**WHAT YOU SHOULD DO**:
Please output exactly the lines below, starting at the line that has "- [スケジュールを追加] をクリックしスケジュール登録を行います。" and ending at the line that has "Komfortowe mieszkanie o", both included; leave out all pictures and include nothing else.
*** EXCERPTED RECORDS ***
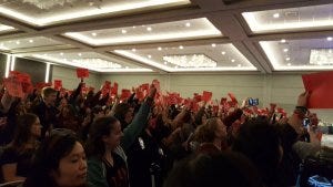 Because this fandom can always be counted on to be awesome, Mark’s last con didn’t go unrecognized – just like Alex Calvert’s first con didn’t either. There were signs for all of us to hold up with the line Mark had wanted to say in his last episode, that inexplicably got cut. ‘Even when I lose, I win’ on red signs were held high all over the ballroom when Mark took the stage, and he was clearly moved. He pulled out his phone and started filming, and from where I was sitting, I could tell how much it meant to him. As the panel progressed, Mark was more serious than usual, and there were several times that I could see his eyes were glistening. Or maybe that was mine; it got hard to tell. I didn’t expect to be as emotional as I was, but when Mark left the stage I had already grabbed for the tissues several times. Thank you, Mark, for the amazing job you did bringing Crowley to life, for being a fan yourself and for loving fandom the way you do, and for being a part of Family Don’t End With Blood.
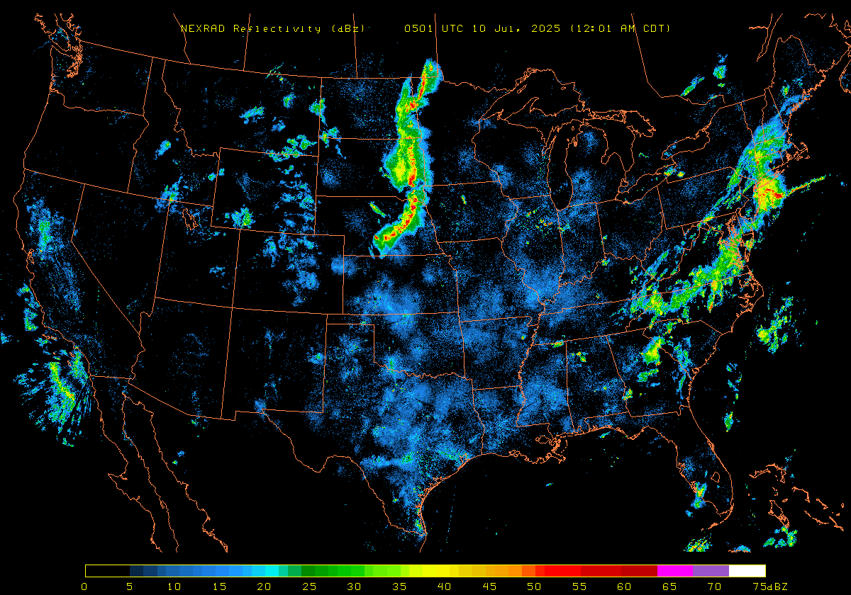 NEXRAD Base Reflectivity & Wind Maps: July 9, 2025 at 3pm ET to next day at 3pm (2 frames/hour)
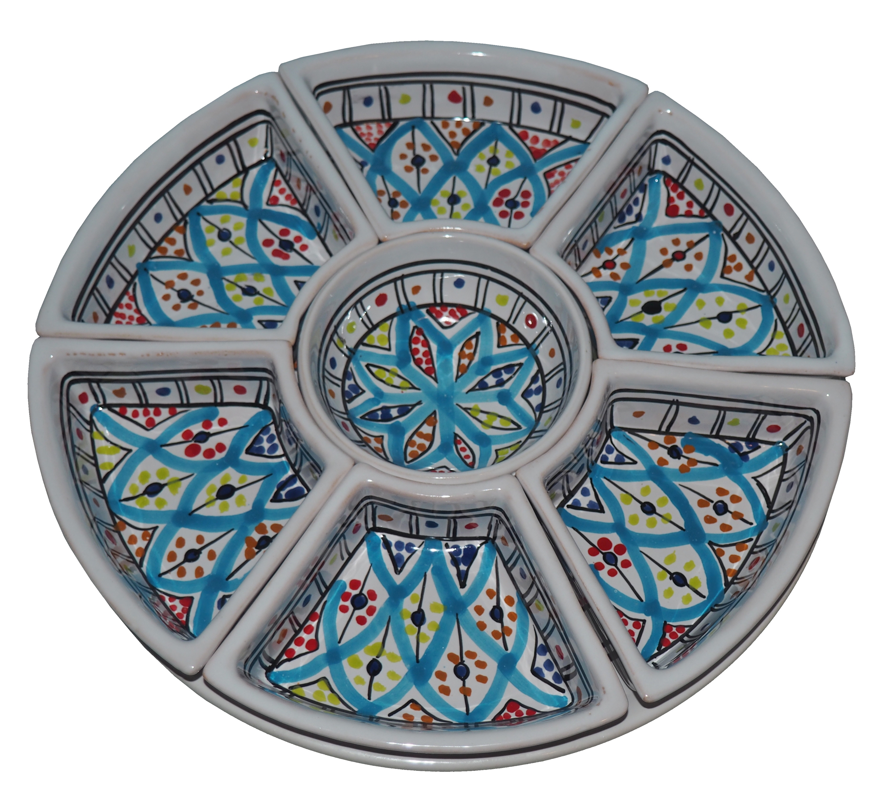 Arabski, ręcznie wykonany i ręcznie malowany zestaw na przystawki, przekąski, dodatki. Może także stanowić talerz dla wieloskładnikowego dania.
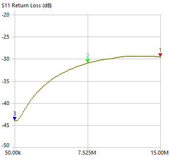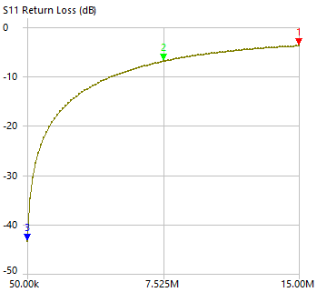 La dimostrazione di quanto sopra detto è evidente collegando 3,5 m di singolo doppino twistato con ai capi due connettori SMA, collegati entrambi tra PORT1 e PORT2 di un nanoVNA. La frequenza di sweep nei due grafici varia tra 50 kHz e 15 MHz.
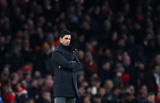 阿森纳队主教练阿尔特塔在场边观战。 新华社/法新
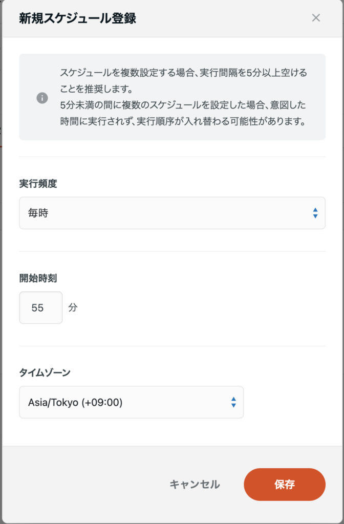 - [スケジュールを追加] をクリックしスケジュール登録を行います。
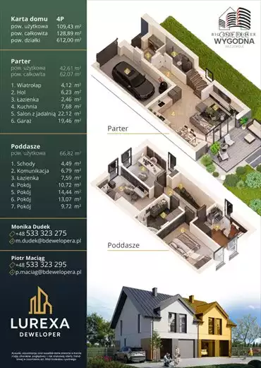 Komfortowe mieszkanie o powierzchni 60,49 m², usytuowane na 3 piętrze. Składa się z dwóch pokoi, pokoju dziennego oraz osobnej...
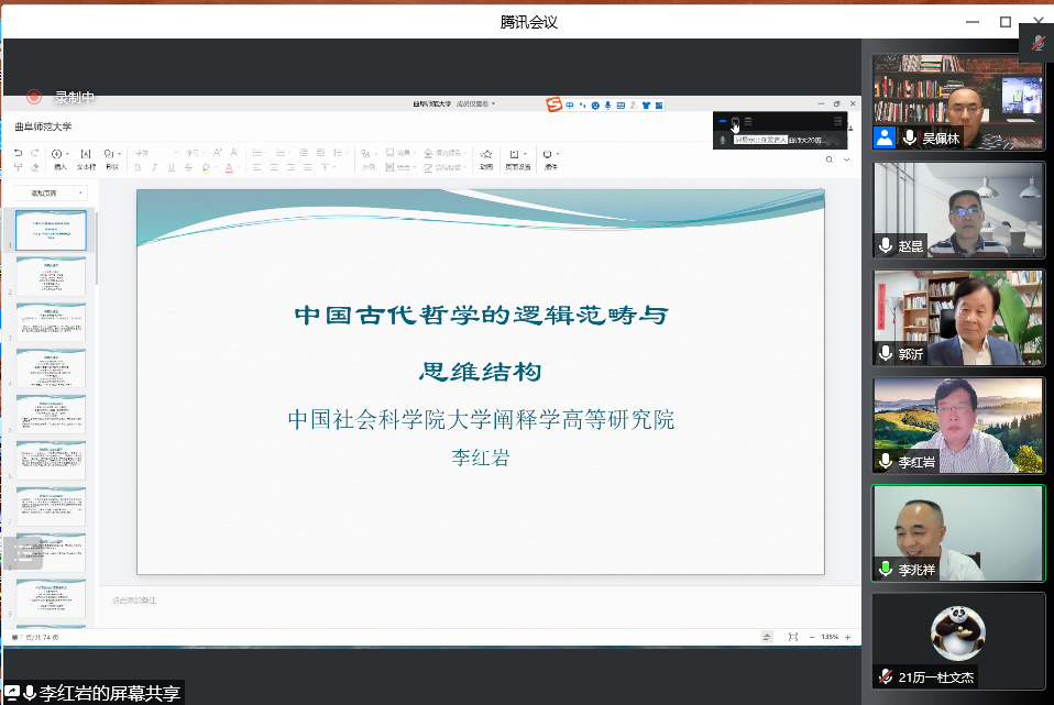 6月13日晚,成人短视频 洙泗讲堂成功举办了题为“中国古代哲学的逻辑范畴与思维结构”的学术讲座。本次讲座由中国社会科学院大学教授、中国社会科学杂志社研究员、博士生导师李红岩教授主讲,成人短视频 副校长李兆祥教授主持,孔子文化研究院郭沂教授与《齐鲁学刊》主编赵昆教授担任评议人。会议采取线上、线下两种方式同时进行,相关专业师生及线上听众共300余人参加了此次活动,会议内容十分精彩。
***
**EXPECTED ANSWER**:
 - [スケジュールを追加] をクリックしスケジュール登録を行います。
 Komfortowe mieszkanie o powierzchni 60,49 m², usytuowane na 3 piętrze. Składa się z dwóch pokoi, pokoju dziennego oraz osobnej...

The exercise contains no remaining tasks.